▸ **Task to complete**: Exclude all pictures. Then restate, word for word, the entries from the first line through the line that contains "Araştırmaya katılanlara 'Aşağıdaki siyasetçileri".

▸ **Data supplied**:
+-------+
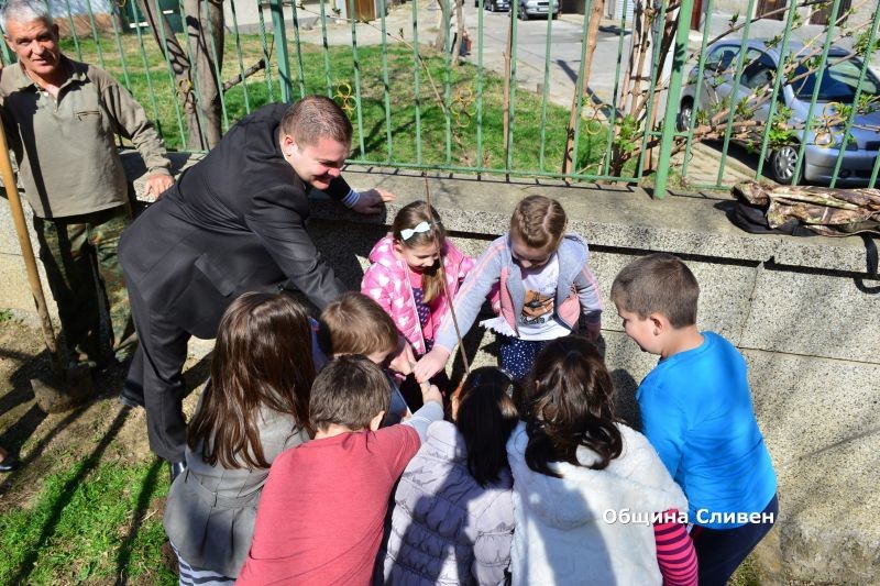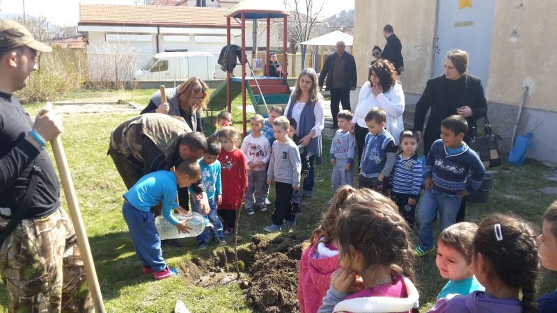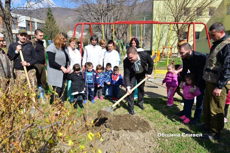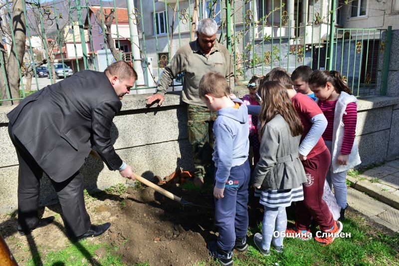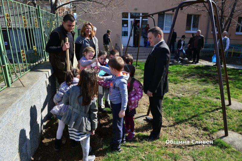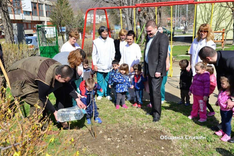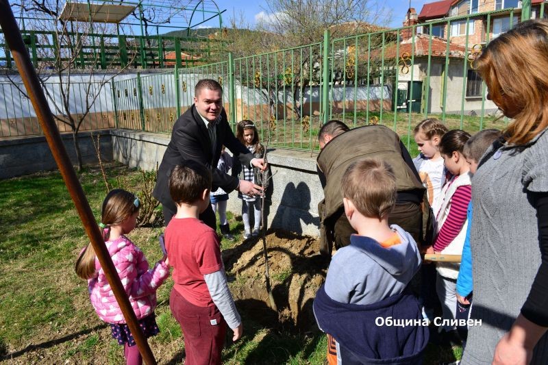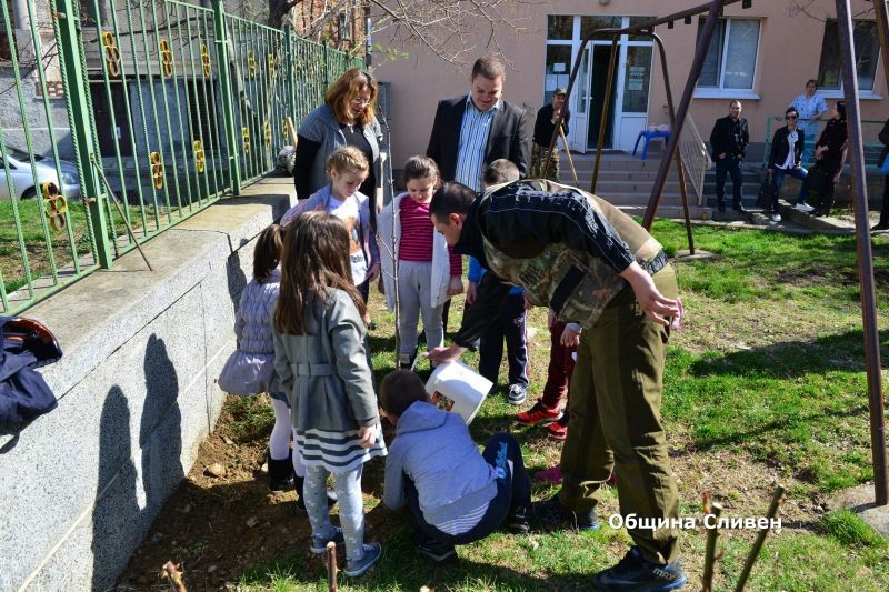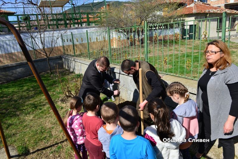 По инициатива на общинското предприятие /ОП/ „Земеделие, гори и водни ресурси” деца от детски градини и заместник-кметът Румен Иванов засадиха дръвчета в дворовете на две детски заведения в Сливен за Първа пролет.
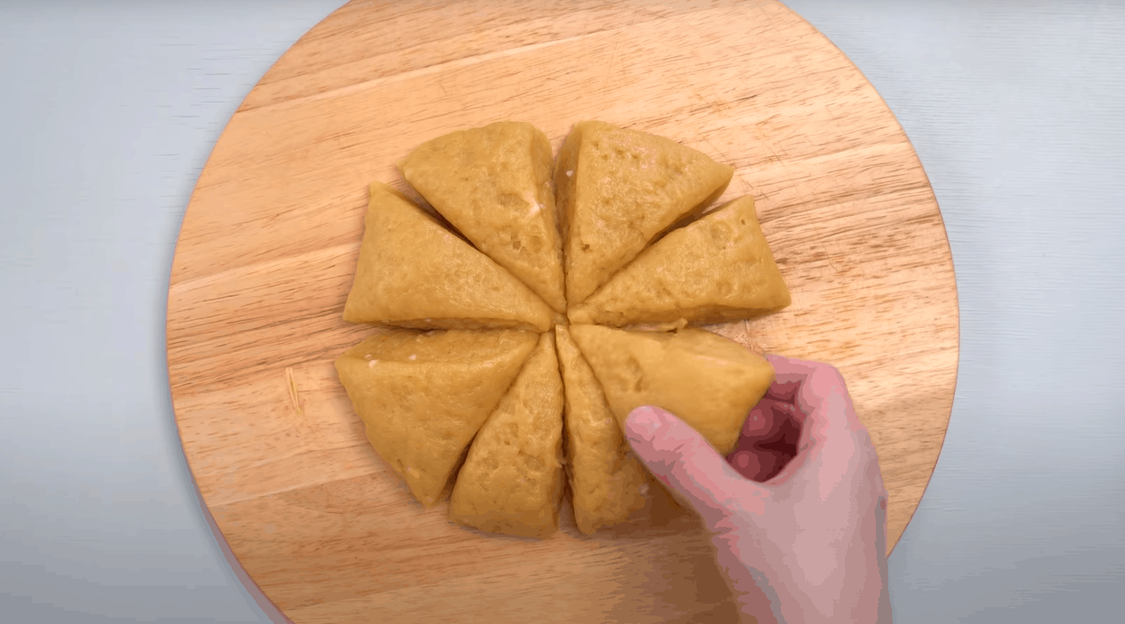 Kiedy zwartość garnka zacznie się pienić, wsyp odrobinę mąki i znowu wymieszaj. Następnie zdejmij garnek z ognia i ostudź. Do schłodzonej masy dodaj resztę mąki i zagnieć ciasto. Kiedy będzie już gotowe, podziel je na osiem równych części.
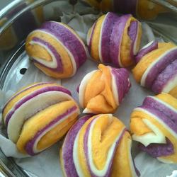 1.Knead the noodles and wait for the pumpkin, When the purple sweet potato puree is cool, add yeast
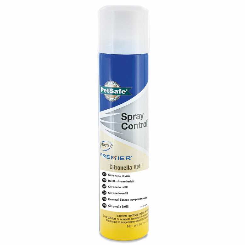 PetSafe Spray Refill påfyllningsflaska till PetSafe antiskallhalsband för hund med citrondoft. Refillspray med citrondoft som fungerar med alla PetSafe sprayhalsband som sprayar hundens nos med en lätt dusch när den skäller. Det bryter skallbeteendet och hjälper dig att träna bort oönskat skällande. En flaska PetSafe Spray Refill räcker till påfyllning av 300-400 sprayduschar. Sprayen lämnar inga fläckar och är miljövänlig.
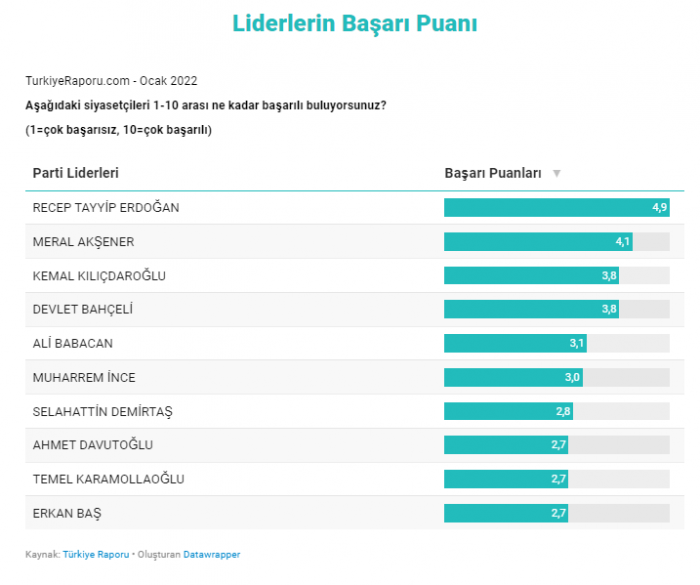 Araştırmaya katılanlara 'Aşağıdaki siyasetçileri 1-10 arası ne kadar başarılı buluyorsunuz?', diye soruldu.
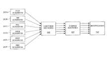 FIG. 14 schematically illustrates process methodology, according to the invention, which converts a plurality of acceleration inputs to speed. For example, when a plurality of six accelerometers (e.g., similar to the accelerometers202a-202dofFIG. 13) are connected to a microprocessor subsystem such as thesubsystem150 ofFIG. 10, the process methodology of the invention is preferably shown inFIG. 14. Specifically, six accelerometers are connected with various sensitive orientations to collect pitch207a, yaw207b, roll207c, surge207d, heave207e, and sway207faccelerations. These accelerations are conditioned by theconditioning electronics158′ through theinterface electronics156′ andCPU152′ to calculate speed, such as known to those skilled in the art of navigational engineering (for example, Gyroscopic Theory, Design, and Instrumentation by Wrigley et al., MIT Press (1969);Handbook of Measurement and Controlby Herceg et al, Schaevitz Engineering, Pensauker, N.J., Library of Congress 76-24971 (1976); and Inertial Navigation Systems by Broxmeyer, McGraw-Hill (1964) describe such calculations and are hereby incorporated herein by reference). Theelements158′,156′ and152′ are similar in construction to theelements158,156 and152 described in connection withFIG. 10.
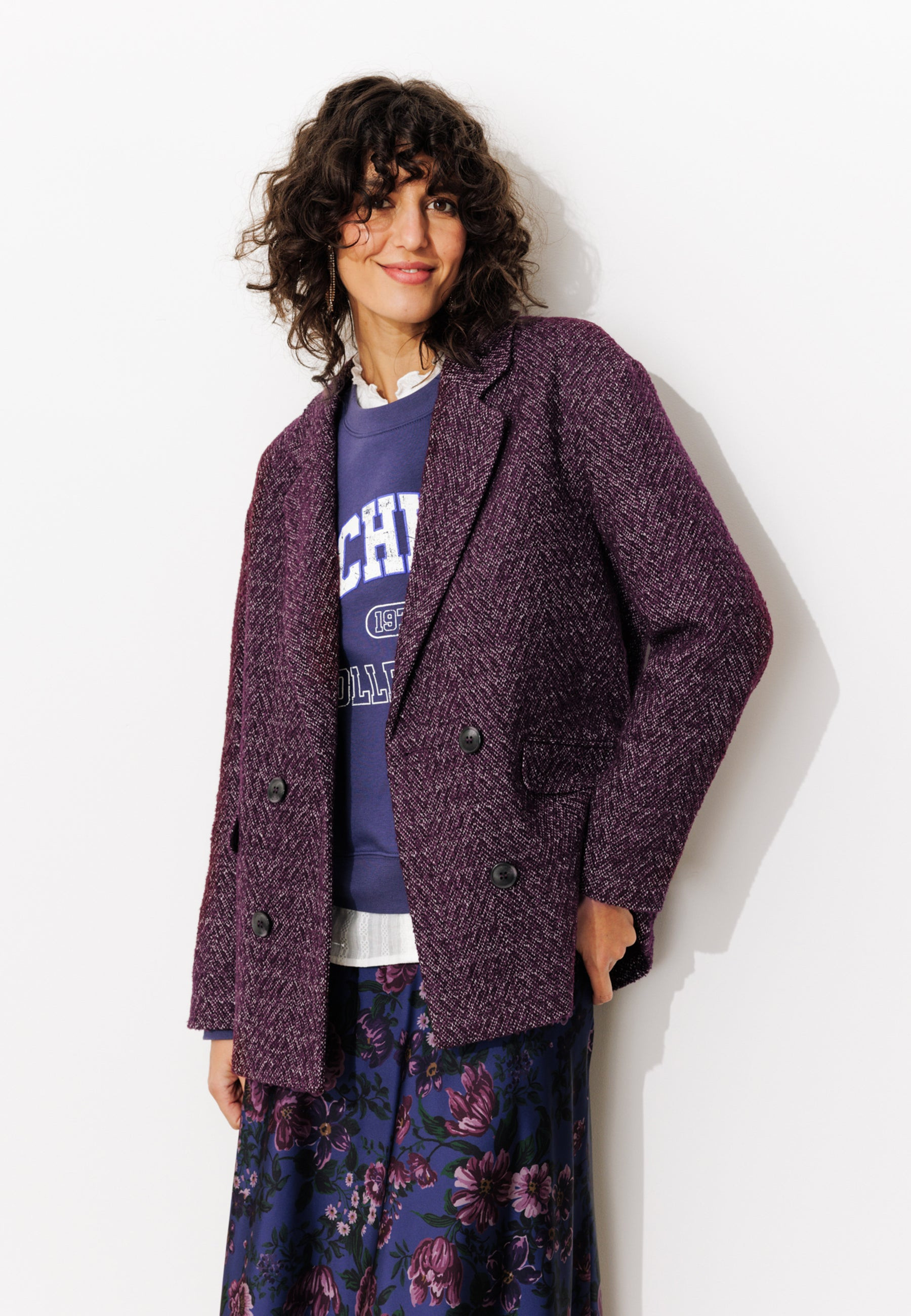 Choisir cette veste automne-hiver, c'est prendre une bonne décision pour avoir toujours le bon style, au bon moment ! Focus sur ton effet tweedé chiné bicolore, enrichi en laine. Col à revers crantés. Fermeture croisée. Double boutonnage. 2 poches à rabat. Emmanchures légèrement descendues. Manches longues. Base droite. Doublure. Cette veste femme contient des fibres recyclées.
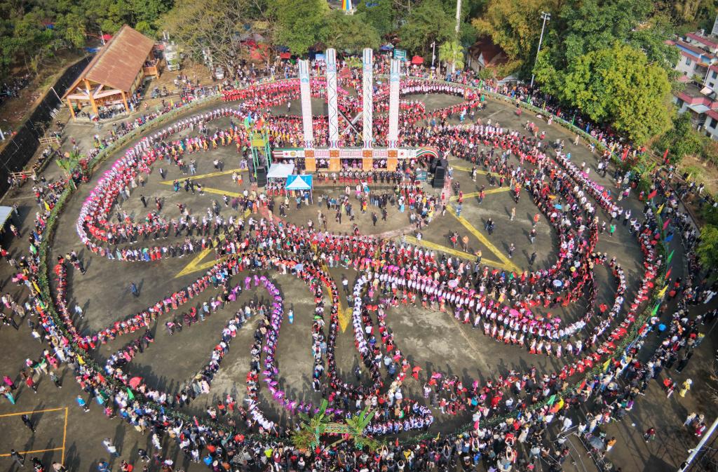 3月14日,云南省德宏傣族景颇族自治州盈江县2026年目瑙纵歌节现场(无人机照片)。新华社发(梁志强 摄)
+-------+
▸ **Result**:
 По инициатива на общинското предприятие /ОП/ „Земеделие, гори и водни ресурси” деца от детски градини и заместник-кметът Румен Иванов засадиха дръвчета в дворовете на две детски заведения в Сливен за Първа пролет.
 Kiedy zwartość garnka zacznie się pienić, wsyp odrobinę mąki i znowu wymieszaj. Następnie zdejmij garnek z ognia i ostudź. Do schłodzonej masy dodaj resztę mąki i zagnieć ciasto. Kiedy będzie już gotowe, podziel je na osiem równych części.
 1.Knead the noodles and wait for the pumpkin, When the purple sweet potato puree is cool, add yeast
 PetSafe Spray Refill påfyllningsflaska till PetSafe antiskallhalsband för hund med citrondoft. Refillspray med citrondoft som fungerar med alla PetSafe sprayhalsband som sprayar hundens nos med en lätt dusch när den skäller. Det bryter skallbeteendet och hjälper dig att träna bort oönskat skällande. En flaska PetSafe Spray Refill räcker till påfyllning av 300-400 sprayduschar. Sprayen lämnar inga fläckar och är miljövänlig.
 Araştırmaya katılanlara 'Aşağıdaki siyasetçileri 1-10 arası ne kadar başarılı buluyorsunuz?', diye soruldu.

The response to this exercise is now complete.